Elogio del amanecer

En bachillerato fui varias veces a casa de C. y J. a hacer de canguro. Era un buen plan: me daban de cenar, tenía excusa para ver dos películas seguidas un viernes por la noche y encima me pagaban. Alguna vez debí cuidar a los niños entre medias, supongo.

Una de esas noches me advirtieron que iban a llegar tarde. Si cuando no decían nada llegaban a mitad de madrugada hablando demasiado alto, sabe Dios a qué hora podían llegar esa vez. Así que pensé un plan para cuando llegaran, que consistiría en subir una pequeña colina que había cerca de casa para ver el amanecer desde ahí. Si hoy hiciera de niñero, pondría en las cláusulas del contrato tener una cama en la casa, que no fuese obligatorio acostarme después de los chavales, e irme a mi casa a media mañana ya duchado y desayunado. Pero en ese momento aún no me había jubilado y pensaba que dormir era una pérdida de tiempo.

Efectivamente, aquella noche llegaron tarde, pasadas las cinco. Pero no lo suficiente como para que resultase tan tentador lo del amanecer. Así que, después de un par de minutos de duda, me fui a casa a perder el tiempo.
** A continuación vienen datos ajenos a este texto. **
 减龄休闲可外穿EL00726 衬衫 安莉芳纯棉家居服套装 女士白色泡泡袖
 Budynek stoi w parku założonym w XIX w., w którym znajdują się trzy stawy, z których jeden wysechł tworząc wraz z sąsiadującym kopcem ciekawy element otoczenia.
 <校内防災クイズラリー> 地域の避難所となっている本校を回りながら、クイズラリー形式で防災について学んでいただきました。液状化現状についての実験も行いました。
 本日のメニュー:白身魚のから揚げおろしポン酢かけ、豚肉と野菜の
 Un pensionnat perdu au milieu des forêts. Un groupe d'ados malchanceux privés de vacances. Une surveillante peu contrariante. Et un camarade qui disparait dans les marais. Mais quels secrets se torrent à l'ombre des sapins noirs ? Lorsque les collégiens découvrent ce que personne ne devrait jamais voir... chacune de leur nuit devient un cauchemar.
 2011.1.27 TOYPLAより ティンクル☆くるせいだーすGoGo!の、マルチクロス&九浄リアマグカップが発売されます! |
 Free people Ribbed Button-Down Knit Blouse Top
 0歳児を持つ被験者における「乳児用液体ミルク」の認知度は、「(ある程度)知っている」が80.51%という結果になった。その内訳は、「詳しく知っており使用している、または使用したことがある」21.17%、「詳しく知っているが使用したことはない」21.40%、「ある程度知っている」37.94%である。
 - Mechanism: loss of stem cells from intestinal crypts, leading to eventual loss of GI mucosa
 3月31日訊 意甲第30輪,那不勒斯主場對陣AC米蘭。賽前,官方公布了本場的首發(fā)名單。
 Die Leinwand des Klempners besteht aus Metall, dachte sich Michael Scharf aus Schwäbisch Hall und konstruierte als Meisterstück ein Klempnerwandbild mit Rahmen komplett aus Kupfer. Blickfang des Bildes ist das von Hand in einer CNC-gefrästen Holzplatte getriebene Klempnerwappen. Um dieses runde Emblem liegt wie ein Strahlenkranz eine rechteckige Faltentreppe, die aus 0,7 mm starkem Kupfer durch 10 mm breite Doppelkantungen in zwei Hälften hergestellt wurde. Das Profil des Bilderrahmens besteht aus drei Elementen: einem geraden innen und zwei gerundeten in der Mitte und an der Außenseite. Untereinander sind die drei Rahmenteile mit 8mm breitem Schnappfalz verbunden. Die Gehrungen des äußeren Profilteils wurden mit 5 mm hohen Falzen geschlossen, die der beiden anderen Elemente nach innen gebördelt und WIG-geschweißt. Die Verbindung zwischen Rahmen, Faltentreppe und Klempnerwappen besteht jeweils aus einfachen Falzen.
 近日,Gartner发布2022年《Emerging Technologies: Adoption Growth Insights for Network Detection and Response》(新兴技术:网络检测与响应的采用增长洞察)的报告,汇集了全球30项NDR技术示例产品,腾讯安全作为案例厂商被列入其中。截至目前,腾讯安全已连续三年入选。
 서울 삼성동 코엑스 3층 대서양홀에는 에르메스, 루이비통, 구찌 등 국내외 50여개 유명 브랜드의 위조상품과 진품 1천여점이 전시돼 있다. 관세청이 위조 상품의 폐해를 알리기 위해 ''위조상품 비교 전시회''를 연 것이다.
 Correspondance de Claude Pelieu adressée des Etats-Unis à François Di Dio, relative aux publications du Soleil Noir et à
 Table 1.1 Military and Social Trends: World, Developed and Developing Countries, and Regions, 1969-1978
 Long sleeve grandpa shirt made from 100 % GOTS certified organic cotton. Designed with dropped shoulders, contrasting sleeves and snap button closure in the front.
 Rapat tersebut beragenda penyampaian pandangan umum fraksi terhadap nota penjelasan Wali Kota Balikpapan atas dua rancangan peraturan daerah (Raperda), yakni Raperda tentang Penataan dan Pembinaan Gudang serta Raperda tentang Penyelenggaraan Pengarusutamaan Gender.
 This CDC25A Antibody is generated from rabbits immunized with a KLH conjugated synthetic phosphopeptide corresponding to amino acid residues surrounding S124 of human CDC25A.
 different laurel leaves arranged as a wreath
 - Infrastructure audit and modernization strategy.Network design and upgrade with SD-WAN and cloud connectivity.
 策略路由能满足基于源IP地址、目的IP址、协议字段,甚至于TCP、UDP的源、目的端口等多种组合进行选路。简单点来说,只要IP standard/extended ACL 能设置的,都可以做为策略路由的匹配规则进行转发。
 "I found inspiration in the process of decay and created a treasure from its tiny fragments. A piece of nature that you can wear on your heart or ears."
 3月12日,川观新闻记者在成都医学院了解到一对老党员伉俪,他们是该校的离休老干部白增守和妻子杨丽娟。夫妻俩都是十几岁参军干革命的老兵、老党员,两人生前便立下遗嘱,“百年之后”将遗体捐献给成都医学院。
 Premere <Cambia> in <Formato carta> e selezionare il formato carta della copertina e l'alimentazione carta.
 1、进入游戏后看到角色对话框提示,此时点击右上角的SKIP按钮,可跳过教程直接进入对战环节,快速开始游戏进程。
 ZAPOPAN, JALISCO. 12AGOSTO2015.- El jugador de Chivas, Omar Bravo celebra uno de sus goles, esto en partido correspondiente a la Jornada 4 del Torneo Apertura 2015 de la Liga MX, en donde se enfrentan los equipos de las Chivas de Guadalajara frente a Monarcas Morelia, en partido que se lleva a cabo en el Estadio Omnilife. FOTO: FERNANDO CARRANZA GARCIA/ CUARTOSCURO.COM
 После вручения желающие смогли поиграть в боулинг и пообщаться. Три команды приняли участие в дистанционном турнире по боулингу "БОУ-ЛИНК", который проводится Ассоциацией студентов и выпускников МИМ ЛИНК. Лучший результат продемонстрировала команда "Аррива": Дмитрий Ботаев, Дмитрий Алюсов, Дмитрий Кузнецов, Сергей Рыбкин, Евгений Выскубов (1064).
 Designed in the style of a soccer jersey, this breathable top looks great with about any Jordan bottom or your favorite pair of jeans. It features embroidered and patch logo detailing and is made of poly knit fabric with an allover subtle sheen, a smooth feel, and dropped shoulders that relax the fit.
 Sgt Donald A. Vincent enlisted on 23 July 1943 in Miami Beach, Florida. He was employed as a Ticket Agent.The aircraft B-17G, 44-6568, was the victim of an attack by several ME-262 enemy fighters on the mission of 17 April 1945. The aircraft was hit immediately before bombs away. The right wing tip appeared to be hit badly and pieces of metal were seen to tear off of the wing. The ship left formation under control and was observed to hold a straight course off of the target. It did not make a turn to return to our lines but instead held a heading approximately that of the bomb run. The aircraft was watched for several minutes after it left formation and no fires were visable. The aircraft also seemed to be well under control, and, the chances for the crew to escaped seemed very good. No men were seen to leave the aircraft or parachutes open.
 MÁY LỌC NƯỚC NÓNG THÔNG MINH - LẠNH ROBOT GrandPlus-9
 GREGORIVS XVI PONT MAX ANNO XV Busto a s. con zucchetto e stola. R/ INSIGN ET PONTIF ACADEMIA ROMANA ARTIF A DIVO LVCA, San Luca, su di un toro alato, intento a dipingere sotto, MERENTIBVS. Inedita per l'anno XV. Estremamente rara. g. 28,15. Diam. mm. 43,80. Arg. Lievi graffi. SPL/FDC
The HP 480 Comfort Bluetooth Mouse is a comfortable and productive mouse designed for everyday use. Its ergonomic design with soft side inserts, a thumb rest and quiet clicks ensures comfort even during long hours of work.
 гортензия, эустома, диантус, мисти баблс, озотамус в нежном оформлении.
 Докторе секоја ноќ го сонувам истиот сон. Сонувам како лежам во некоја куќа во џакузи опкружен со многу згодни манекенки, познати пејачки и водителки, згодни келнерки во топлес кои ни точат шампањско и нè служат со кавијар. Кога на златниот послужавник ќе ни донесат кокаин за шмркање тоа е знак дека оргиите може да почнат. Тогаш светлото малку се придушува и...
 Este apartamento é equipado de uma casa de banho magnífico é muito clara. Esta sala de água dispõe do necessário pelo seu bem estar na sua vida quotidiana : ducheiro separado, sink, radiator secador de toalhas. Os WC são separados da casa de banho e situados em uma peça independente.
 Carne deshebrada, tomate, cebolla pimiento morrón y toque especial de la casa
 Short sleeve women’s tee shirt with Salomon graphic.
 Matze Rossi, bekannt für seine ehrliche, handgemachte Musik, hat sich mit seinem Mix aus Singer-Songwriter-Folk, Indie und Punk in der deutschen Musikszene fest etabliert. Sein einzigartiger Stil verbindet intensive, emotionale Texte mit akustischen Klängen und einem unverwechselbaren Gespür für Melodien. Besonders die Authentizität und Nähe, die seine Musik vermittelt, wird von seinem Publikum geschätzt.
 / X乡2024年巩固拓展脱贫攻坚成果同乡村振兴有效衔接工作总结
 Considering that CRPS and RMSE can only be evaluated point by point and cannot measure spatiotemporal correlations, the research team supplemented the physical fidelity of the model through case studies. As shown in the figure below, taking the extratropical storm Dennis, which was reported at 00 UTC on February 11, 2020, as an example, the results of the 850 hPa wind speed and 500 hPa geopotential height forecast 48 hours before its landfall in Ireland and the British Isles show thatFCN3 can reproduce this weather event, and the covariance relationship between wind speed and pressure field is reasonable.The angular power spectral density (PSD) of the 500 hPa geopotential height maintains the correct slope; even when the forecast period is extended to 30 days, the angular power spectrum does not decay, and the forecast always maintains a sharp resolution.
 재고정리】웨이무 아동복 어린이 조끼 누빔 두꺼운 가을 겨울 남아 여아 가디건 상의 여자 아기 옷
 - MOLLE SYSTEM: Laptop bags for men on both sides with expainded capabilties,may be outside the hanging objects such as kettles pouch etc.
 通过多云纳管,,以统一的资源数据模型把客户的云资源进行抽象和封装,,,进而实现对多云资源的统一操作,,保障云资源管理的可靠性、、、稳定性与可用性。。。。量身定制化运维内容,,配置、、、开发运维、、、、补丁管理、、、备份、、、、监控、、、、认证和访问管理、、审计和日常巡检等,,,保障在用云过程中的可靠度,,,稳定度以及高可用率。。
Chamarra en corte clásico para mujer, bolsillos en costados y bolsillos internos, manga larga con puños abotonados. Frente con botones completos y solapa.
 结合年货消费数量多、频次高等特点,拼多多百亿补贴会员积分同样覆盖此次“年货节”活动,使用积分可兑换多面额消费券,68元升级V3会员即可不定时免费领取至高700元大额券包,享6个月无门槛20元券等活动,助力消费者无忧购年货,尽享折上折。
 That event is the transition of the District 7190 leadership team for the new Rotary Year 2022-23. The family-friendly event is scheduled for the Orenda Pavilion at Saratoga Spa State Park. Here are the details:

Hace pocos días me acordaba de esta escena. Y caía en la cuenta de que no dejé de subir solo por cansancio. Creo que también tuvo mucho que ver pensar que un amanecer normal y corriente tampoco es para tanto. ¿No?

Hay muchas más puestas de sol en nuestras fotos y en nuestros sueños que amaneceres. Quizá sean más bonitas (si queréis podemos hacer una encuesta y lo discutimos), y probablemente influya que a primera hora seguimos durmiendo y es más habitual sentarse por la tarde a ver una. Pero creo que también tiene que ver con que somos una generación de melancólicos empedernidos.

Nuestras conversaciones están llenas de referencias a un pasado idealizado. Los «hace dos años de» los observamos con una media sonrisa con una añoranza que hace que estén exentos de vientos fríos, mosquitos y dolores de cabeza. Hablamos de aquella época para delimitar tan solo unos meses que fueron anteayer, pero de esta forma los alejamos más temporalmente y nos sirve como excusa para no intentar hacer lo mismo que hacíamos entonces. Cualquier tiempo pasado fue mejor, incluso –sobre todo– el no vivido, y el que está por venir nos da miedo. Solo conocemos dos pizzas de la carta y tres bares que no son nada del otro mundo pero con los que nos conformamos. Y ella no olvida a ese chico que nunca supo en qué contextos prefería el verde y en cuáles el azul, mientras que él sigue atascado en aquella niña que ni siquiera le miraba a los ojos cuando hablaban.

El atardecer es más placentero, te exige menos. No te hace madrugar, ni buscar el sitio adecuado en medio de la oscuridad. Te relajas al final del día, miras tranquilamente y dejas que te haga un par de carantoñas al corazón mientras te regodeas en recuerdos medio inventados. Pero después te entra el frío y ya con la sudadera no te llega para abrigarte. Manos a los bolsillos. El amanecer, en cambio, no es complaciente ni se recrea. Es el preámbulo de lo que viene. Atrévete, te susurra.

Ahora bien, si me preguntáis qué le diría a mi yo de diecisiete años que salía de casa de C. y J. un viernes a las cinco de la mañana, sería que hacía muy bien en irse a la cama y que se olvidase de subir la colina. Porque, al llegar arriba, se hubiese dado cuenta de que amanecía por el otro lado. Y es que hay tierras que son más de puestas de sol.